What you should do:
Retype exactly the span of lines below from the one with "Lemax Creepy Barn" through the one with "Qué es el talud continental resumen | PDF". Do not include pictures.
Material provided START
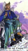 在圣杯国王牌中,我们能看到一位金发的头戴三叉戟王冠的国王,坐在一个用灰色石头雕刻的莲花形状的王座上。他的脖子上戴着一条金色的鱼项链,手中拿着金色的杯子,杯子上还印有太极的符号。在他身后,一只海豚在紫罗兰色的天空下跃出海洋。
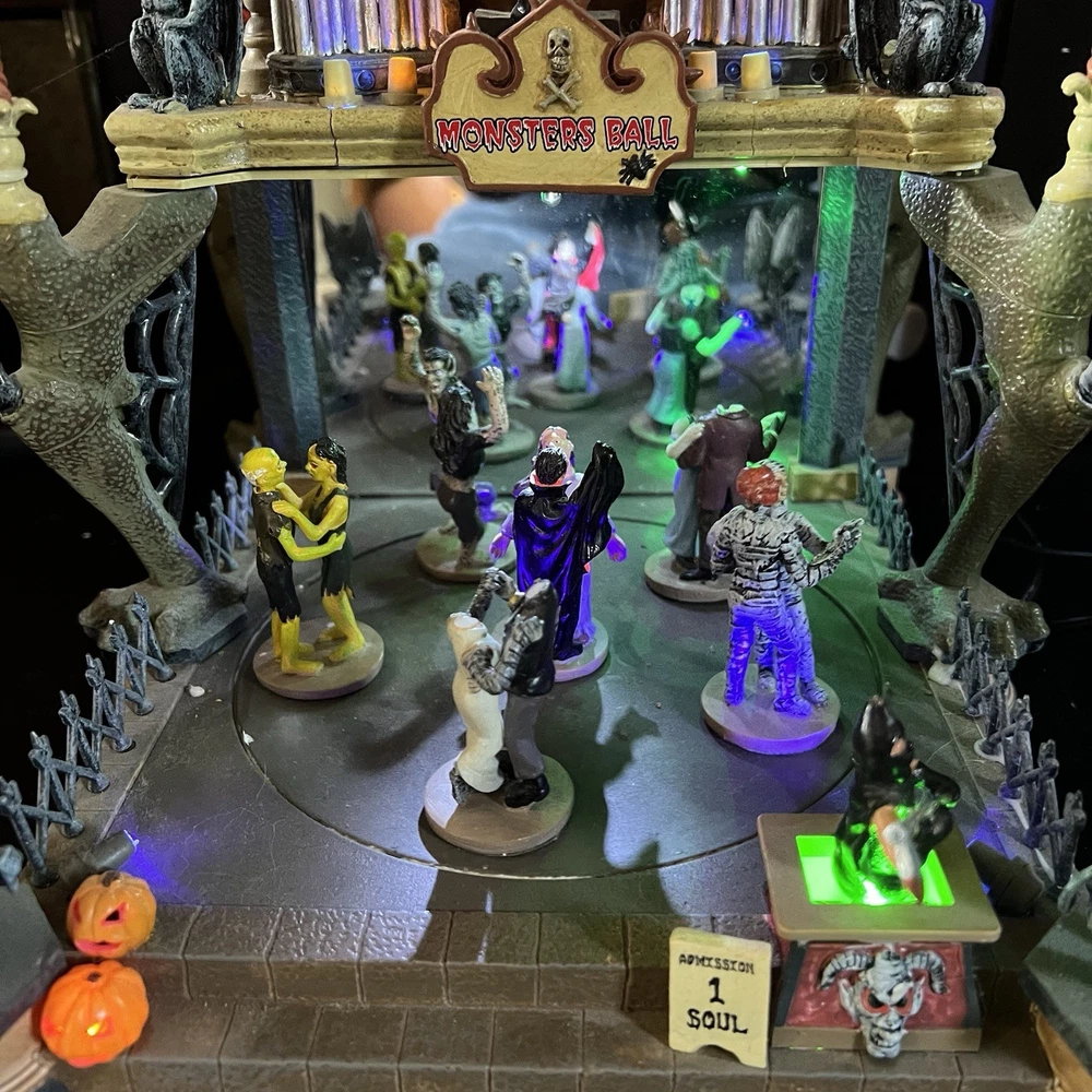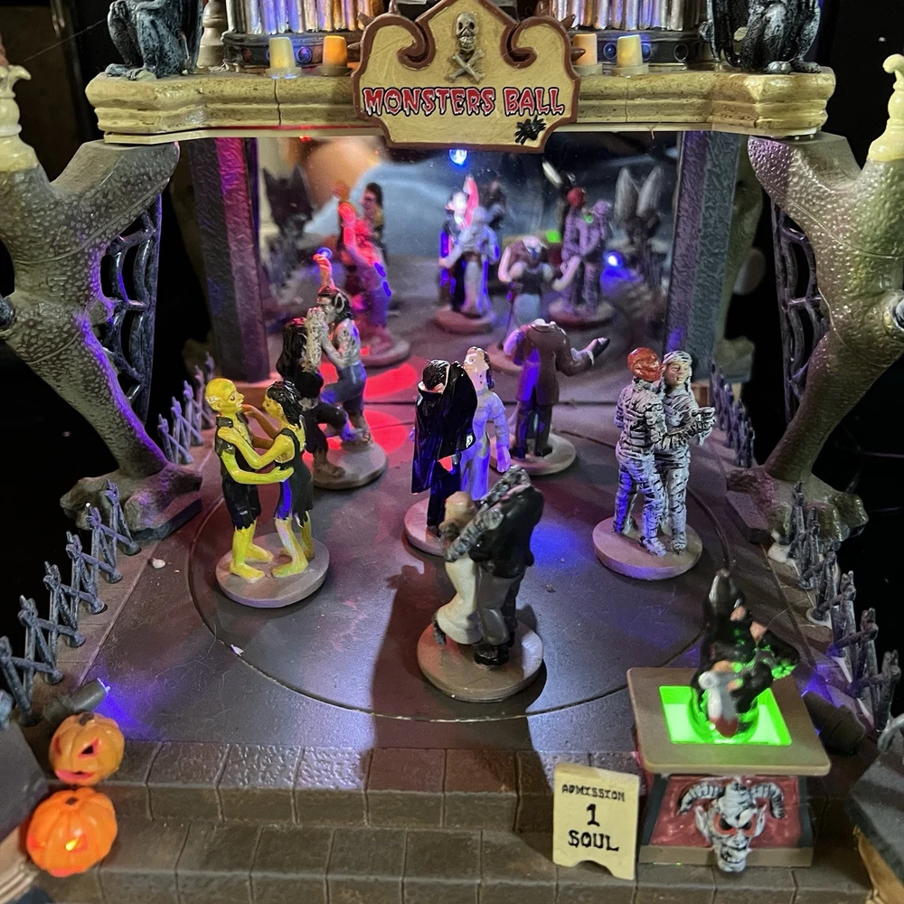 Lemax Creepy Barn Spooky Town Halloween Village Lighted 2005 RETIRED WORKS **** Mr & Mrs Frankenstein heads are missing Everything else is complete
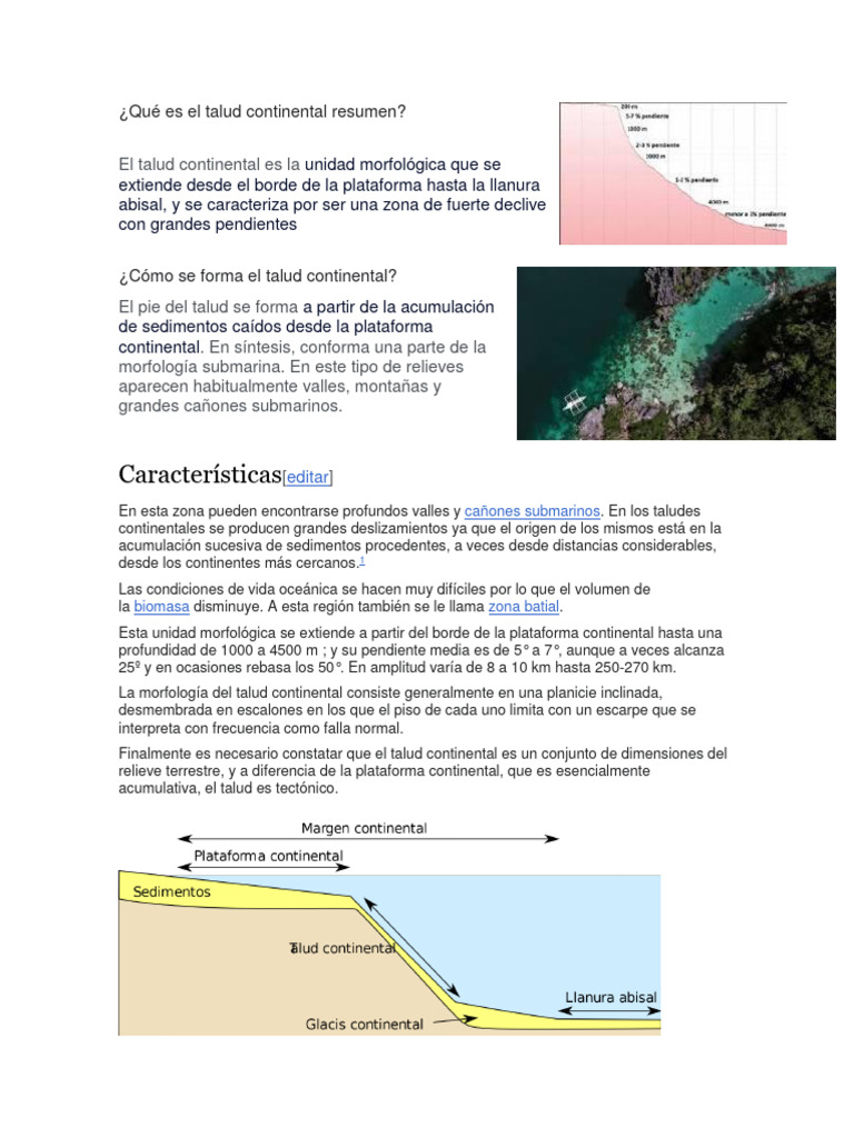 Qué es el talud continental resumen | PDF
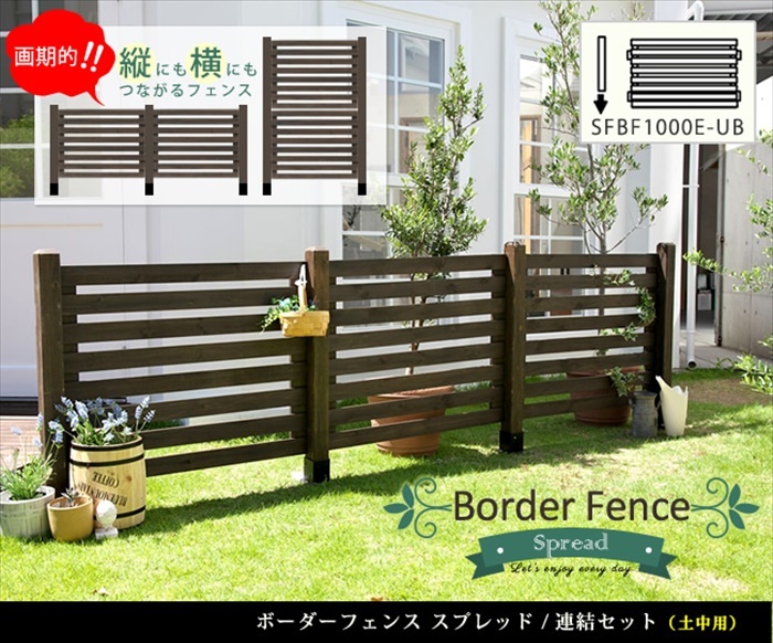 | 【ボーダーフェンス スプレッド(連結セット/土中用)】 新鮮!見栄えが違うボーダーフェンス自分で木製フェンスを設置するなら、断然ボーダーがおすすめです。 爽やかでナチュラルな雰囲気があり、モダンにも、スタイリッシュにも、フレンチカントリーにもマッチする使いやすさが魅力。 ボーダーの間隔が絶妙で、圧迫感がなく、ほどよい目隠しとなるので、防犯に役に立ちます。 気軽に花の水遣りができますね。 小さなお子さんも、お庭で安心して遊べそうです。 自分で手がけた愛着のある簡単DIYフェンスで、癒しのプライベートガーデンを作りませんか。 |
Material provided END
Answer box:
 Lemax Creepy Barn Spooky Town Halloween Village Lighted 2005 RETIRED WORKS **** Mr & Mrs Frankenstein heads are missing Everything else is complete
 Qué es el talud continental resumen | PDF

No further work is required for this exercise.